CityFibre, a company building fibre networks in a number of UK cities, has bought Kcom’s UK-wide network infrastructure for £90 million.

The sale leaves Kcom with just its core infrastructure, the local telephone network in the English city of Hull and the surrounding district. 

Listed company CityFibre has secured £180 million in finance to buy the network and use it to expand its metro footprints to 36 cities and aim towards its target of 50 by 2020. 

It will then reach 20% of the UK market, says CityFibre, which has a joint venture with two other rival operators, TalkTalk and Sky, to build ultra-fast fibre to the home networks. 

CityFibre CEO Greg Mesch said: “This is the most significant event to take place in the UK’s digital infrastructure market in a decade. The UK now has a secure independent infrastructure alternative.

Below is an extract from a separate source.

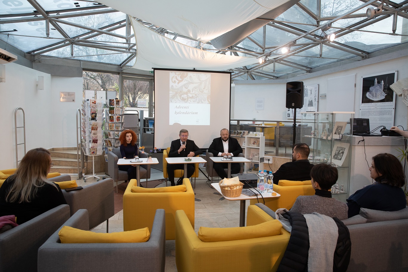 Az adventi kalendáriumot november 25-én sajtótájékoztató keretében mutatta be Dr. Fekete Károly, a Tiszántúli Református Egyházkerület püspöke és Dr. Puskás István alpolgármester a Karakter Kávézóban.

Cities, service providers, mobile operators and investors have boldly embraced a new model of future-proof infrastructure provision and paved the way for its acceleration across the country.”

Kcom CEO Bill Halbert said that it was selling “an under-utilised asset, built more than ten years ago and which is no longer core to our strategy”. Kcom — then Kingston Communications — built its UK network from the late 1990s when it set up a national subsidiary, Torch Communications. The company over-expanded and reversed its strategy. 

Halbert said: “Over the first half of the financial year, there were encouraging signs that our business transformation is starting to deliver results and the proceeds from this transaction offer us the opportunity to accelerate investment in those plans, without the need for any material increase in our indebtedness.”

CityFibre’s financing comprises £80 million of new equity and £100 million in debt facilities, and the deals are expected to complete in mid-January 2016.

The acquisition will extend CityFibre’s UK footprint by more than 300%. The physical infrastructure assets comprise 1,100 kilometres of duct and fibre network in 24 UK cities, as well as 1,100 kilometres of national long distance network that connects these cities to data-centres across the UK and to internet peering points in London.

The expanded footprint will reach more than 7,000 mobile cell sites, 24,500 public sector sites and 245,000 businesses.